MATERIAL TO PROCESS:
###
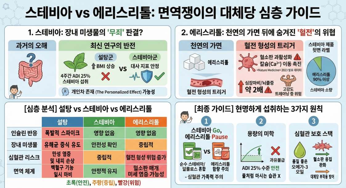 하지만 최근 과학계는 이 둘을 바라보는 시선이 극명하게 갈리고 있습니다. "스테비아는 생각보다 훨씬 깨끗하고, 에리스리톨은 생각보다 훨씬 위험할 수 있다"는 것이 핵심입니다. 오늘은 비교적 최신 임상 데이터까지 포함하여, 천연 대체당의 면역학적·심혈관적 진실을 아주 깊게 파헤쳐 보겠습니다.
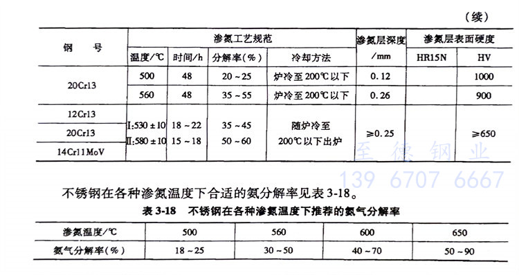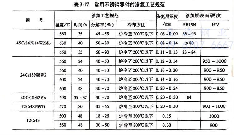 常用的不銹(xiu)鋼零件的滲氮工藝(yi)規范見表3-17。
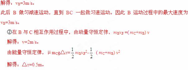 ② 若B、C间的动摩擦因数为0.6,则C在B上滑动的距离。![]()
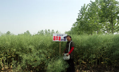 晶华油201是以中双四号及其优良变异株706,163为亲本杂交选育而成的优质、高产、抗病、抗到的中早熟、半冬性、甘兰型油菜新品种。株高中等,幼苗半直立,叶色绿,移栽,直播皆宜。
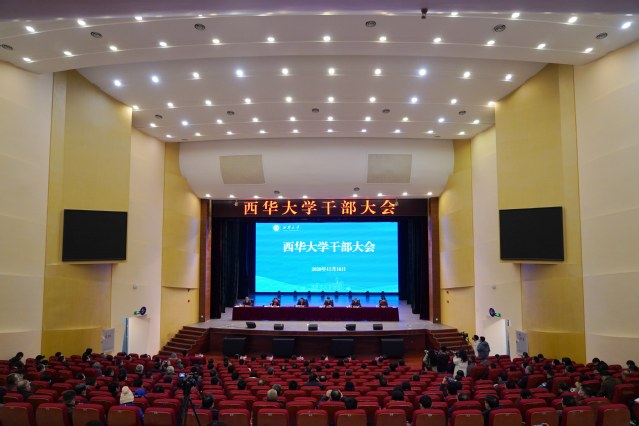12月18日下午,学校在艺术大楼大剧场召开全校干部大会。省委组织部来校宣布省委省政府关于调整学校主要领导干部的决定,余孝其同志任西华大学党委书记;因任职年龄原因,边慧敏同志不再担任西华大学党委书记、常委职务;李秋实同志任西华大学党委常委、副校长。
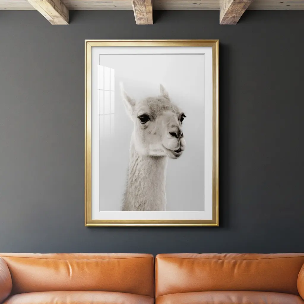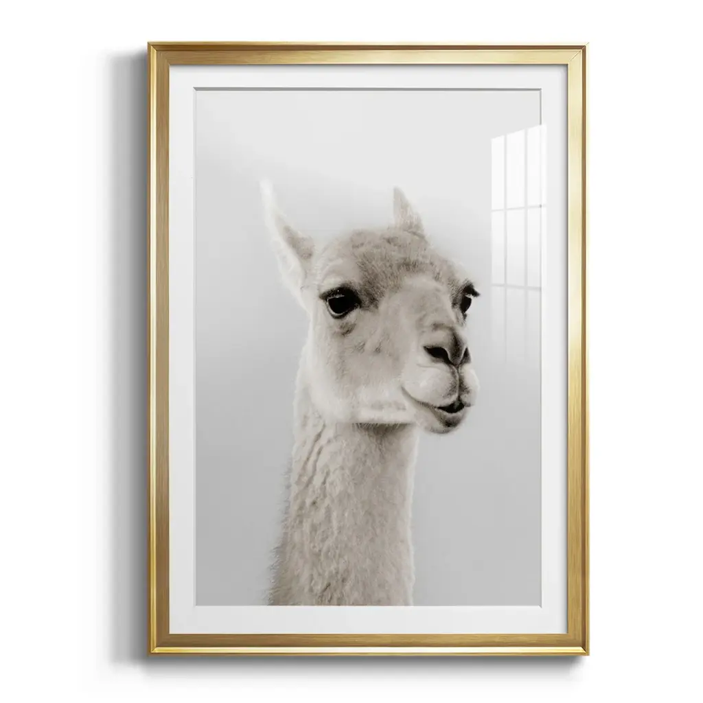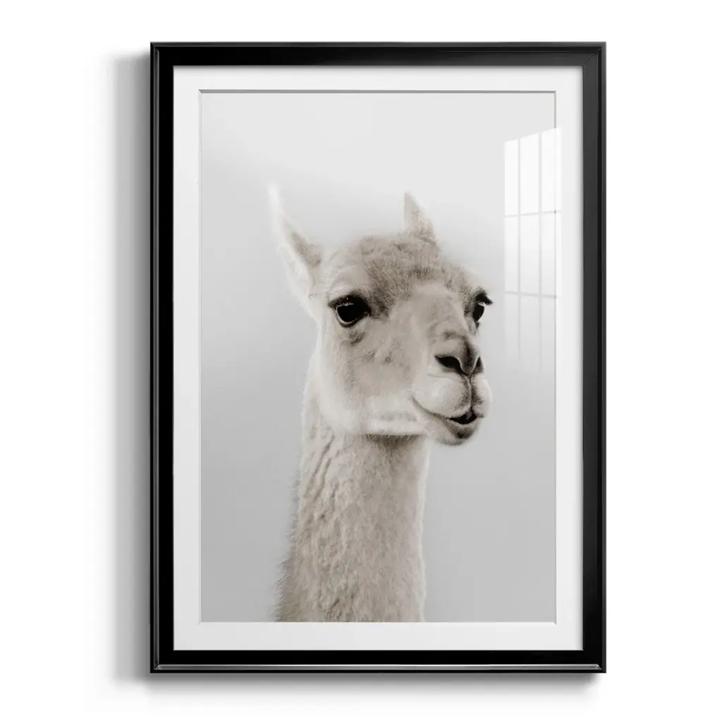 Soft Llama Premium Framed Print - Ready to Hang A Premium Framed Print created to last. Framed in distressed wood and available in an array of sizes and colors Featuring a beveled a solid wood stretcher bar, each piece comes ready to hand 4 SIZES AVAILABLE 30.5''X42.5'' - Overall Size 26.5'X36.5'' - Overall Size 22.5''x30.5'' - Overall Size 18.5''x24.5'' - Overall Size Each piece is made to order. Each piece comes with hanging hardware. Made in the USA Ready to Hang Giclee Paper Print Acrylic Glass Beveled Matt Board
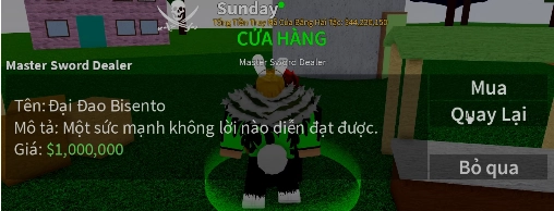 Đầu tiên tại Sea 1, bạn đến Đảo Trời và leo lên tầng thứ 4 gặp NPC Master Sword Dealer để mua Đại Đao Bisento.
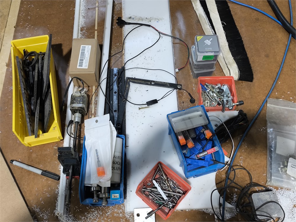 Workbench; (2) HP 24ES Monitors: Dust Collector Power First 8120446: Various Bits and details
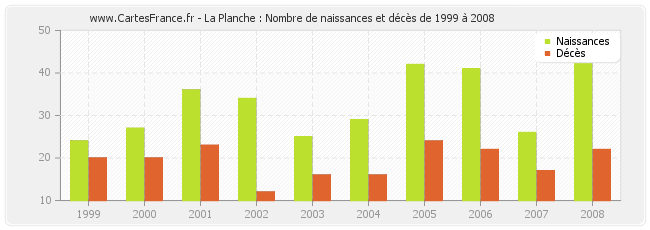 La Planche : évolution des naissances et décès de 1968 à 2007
###
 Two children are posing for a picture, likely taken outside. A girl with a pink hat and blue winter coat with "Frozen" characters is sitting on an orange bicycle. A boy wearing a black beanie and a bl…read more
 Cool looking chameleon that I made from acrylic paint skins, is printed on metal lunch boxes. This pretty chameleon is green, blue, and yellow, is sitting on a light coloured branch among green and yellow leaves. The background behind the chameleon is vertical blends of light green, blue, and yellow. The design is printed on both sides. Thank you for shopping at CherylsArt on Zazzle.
###
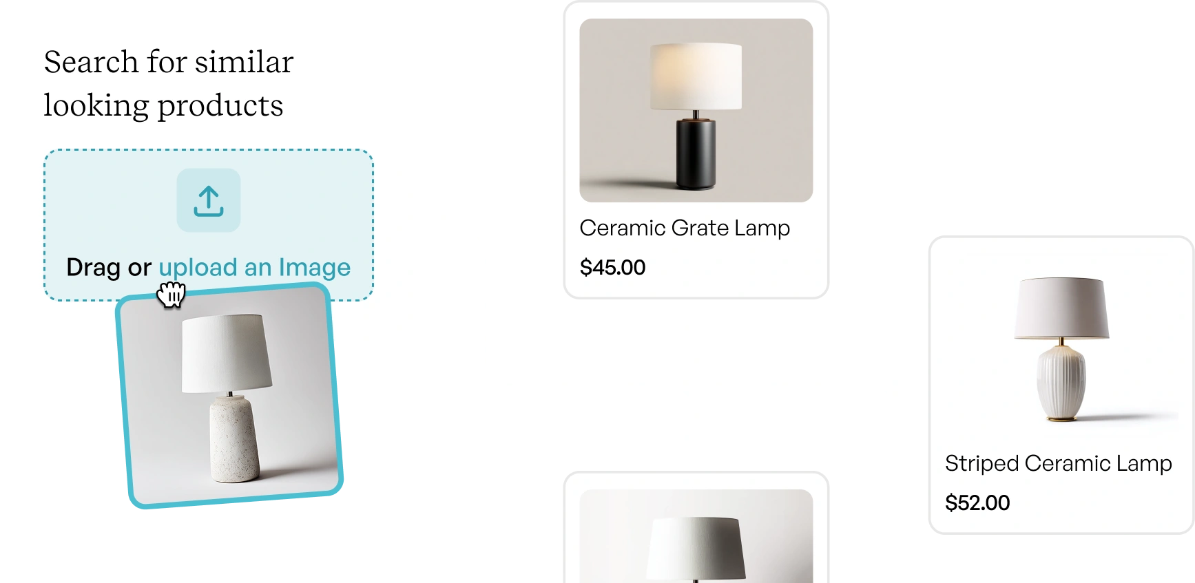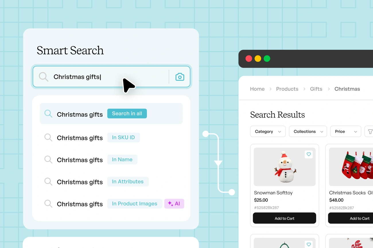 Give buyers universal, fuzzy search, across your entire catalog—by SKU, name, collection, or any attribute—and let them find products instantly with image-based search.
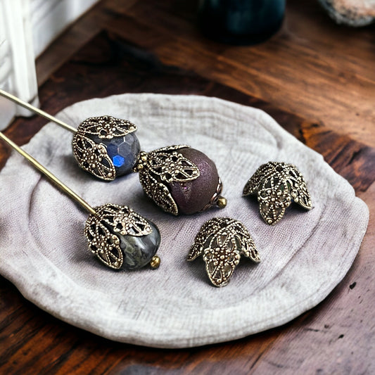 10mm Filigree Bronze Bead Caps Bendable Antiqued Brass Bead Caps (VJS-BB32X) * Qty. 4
###
EXERCISE REQUIREMENTS:
Range to print from the listing above: from the line with "하지만 최근 과학계는" up to and including the line with "12月18日下午,学校在艺术". Please print those lines exactly, with no pictures and nothing more.

OUTPUT BELOW:
 하지만 최근 과학계는 이 둘을 바라보는 시선이 극명하게 갈리고 있습니다. "스테비아는 생각보다 훨씬 깨끗하고, 에리스리톨은 생각보다 훨씬 위험할 수 있다"는 것이 핵심입니다. 오늘은 비교적 최신 임상 데이터까지 포함하여, 천연 대체당의 면역학적·심혈관적 진실을 아주 깊게 파헤쳐 보겠습니다.
 常用的不銹(xiu)鋼零件的滲氮工藝(yi)規范見表3-17。
 ② 若B、C间的动摩擦因数为0.6,则C在B上滑动的距离。![]()
 晶华油201是以中双四号及其优良变异株706,163为亲本杂交选育而成的优质、高产、抗病、抗到的中早熟、半冬性、甘兰型油菜新品种。株高中等,幼苗半直立,叶色绿,移栽,直播皆宜。
12月18日下午,学校在艺术大楼大剧场召开全校干部大会。省委组织部来校宣布省委省政府关于调整学校主要领导干部的决定,余孝其同志任西华大学党委书记;因任职年龄原因,边慧敏同志不再担任西华大学党委书记、常委职务;李秋实同志任西华大学党委常委、副校长。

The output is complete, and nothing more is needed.